[Dataset records]
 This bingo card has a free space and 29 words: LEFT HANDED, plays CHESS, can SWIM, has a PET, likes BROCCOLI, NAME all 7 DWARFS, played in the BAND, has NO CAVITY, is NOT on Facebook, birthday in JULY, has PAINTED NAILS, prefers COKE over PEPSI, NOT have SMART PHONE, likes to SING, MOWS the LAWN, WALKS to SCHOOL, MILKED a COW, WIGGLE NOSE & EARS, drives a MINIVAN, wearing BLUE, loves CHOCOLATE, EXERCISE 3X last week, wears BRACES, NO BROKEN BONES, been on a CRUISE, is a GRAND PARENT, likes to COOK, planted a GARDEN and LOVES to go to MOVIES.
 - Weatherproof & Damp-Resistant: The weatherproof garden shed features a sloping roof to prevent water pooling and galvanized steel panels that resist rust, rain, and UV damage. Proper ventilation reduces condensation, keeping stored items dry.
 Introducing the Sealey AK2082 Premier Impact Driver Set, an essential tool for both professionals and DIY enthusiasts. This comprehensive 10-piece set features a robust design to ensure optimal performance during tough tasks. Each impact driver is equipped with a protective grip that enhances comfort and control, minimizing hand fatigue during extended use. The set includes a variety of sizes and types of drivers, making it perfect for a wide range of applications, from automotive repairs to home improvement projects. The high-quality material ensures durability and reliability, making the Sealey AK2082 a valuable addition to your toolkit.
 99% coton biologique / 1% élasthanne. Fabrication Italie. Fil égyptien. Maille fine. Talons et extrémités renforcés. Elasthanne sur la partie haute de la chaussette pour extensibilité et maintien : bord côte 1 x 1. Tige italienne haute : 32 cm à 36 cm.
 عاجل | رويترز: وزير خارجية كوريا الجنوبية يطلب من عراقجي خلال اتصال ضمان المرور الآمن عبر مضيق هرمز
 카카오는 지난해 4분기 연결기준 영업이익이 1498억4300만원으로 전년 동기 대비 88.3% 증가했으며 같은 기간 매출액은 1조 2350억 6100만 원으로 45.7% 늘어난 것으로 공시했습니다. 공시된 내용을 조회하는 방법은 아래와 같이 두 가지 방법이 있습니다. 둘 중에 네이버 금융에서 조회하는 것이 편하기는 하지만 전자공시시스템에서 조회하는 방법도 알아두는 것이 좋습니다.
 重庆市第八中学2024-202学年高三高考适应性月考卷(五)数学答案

_ASSIGNMENT_
All of the data above should be reproduced exactly, with nothing missing.

_COMPLETED EXERCISE_
 This bingo card has a free space and 29 words: LEFT HANDED, plays CHESS, can SWIM, has a PET, likes BROCCOLI, NAME all 7 DWARFS, played in the BAND, has NO CAVITY, is NOT on Facebook, birthday in JULY, has PAINTED NAILS, prefers COKE over PEPSI, NOT have SMART PHONE, likes to SING, MOWS the LAWN, WALKS to SCHOOL, MILKED a COW, WIGGLE NOSE & EARS, drives a MINIVAN, wearing BLUE, loves CHOCOLATE, EXERCISE 3X last week, wears BRACES, NO BROKEN BONES, been on a CRUISE, is a GRAND PARENT, likes to COOK, planted a GARDEN and LOVES to go to MOVIES.
 - Weatherproof & Damp-Resistant: The weatherproof garden shed features a sloping roof to prevent water pooling and galvanized steel panels that resist rust, rain, and UV damage. Proper ventilation reduces condensation, keeping stored items dry.
 Introducing the Sealey AK2082 Premier Impact Driver Set, an essential tool for both professionals and DIY enthusiasts. This comprehensive 10-piece set features a robust design to ensure optimal performance during tough tasks. Each impact driver is equipped with a protective grip that enhances comfort and control, minimizing hand fatigue during extended use. The set includes a variety of sizes and types of drivers, making it perfect for a wide range of applications, from automotive repairs to home improvement projects. The high-quality material ensures durability and reliability, making the Sealey AK2082 a valuable addition to your toolkit.
 99% coton biologique / 1% élasthanne. Fabrication Italie. Fil égyptien. Maille fine. Talons et extrémités renforcés. Elasthanne sur la partie haute de la chaussette pour extensibilité et maintien : bord côte 1 x 1. Tige italienne haute : 32 cm à 36 cm.
 عاجل | رويترز: وزير خارجية كوريا الجنوبية يطلب من عراقجي خلال اتصال ضمان المرور الآمن عبر مضيق هرمز
 카카오는 지난해 4분기 연결기준 영업이익이 1498억4300만원으로 전년 동기 대비 88.3% 증가했으며 같은 기간 매출액은 1조 2350억 6100만 원으로 45.7% 늘어난 것으로 공시했습니다. 공시된 내용을 조회하는 방법은 아래와 같이 두 가지 방법이 있습니다. 둘 중에 네이버 금융에서 조회하는 것이 편하기는 하지만 전자공시시스템에서 조회하는 방법도 알아두는 것이 좋습니다.
 重庆市第八中学2024-202学年高三高考适应性月考卷(五)数学答案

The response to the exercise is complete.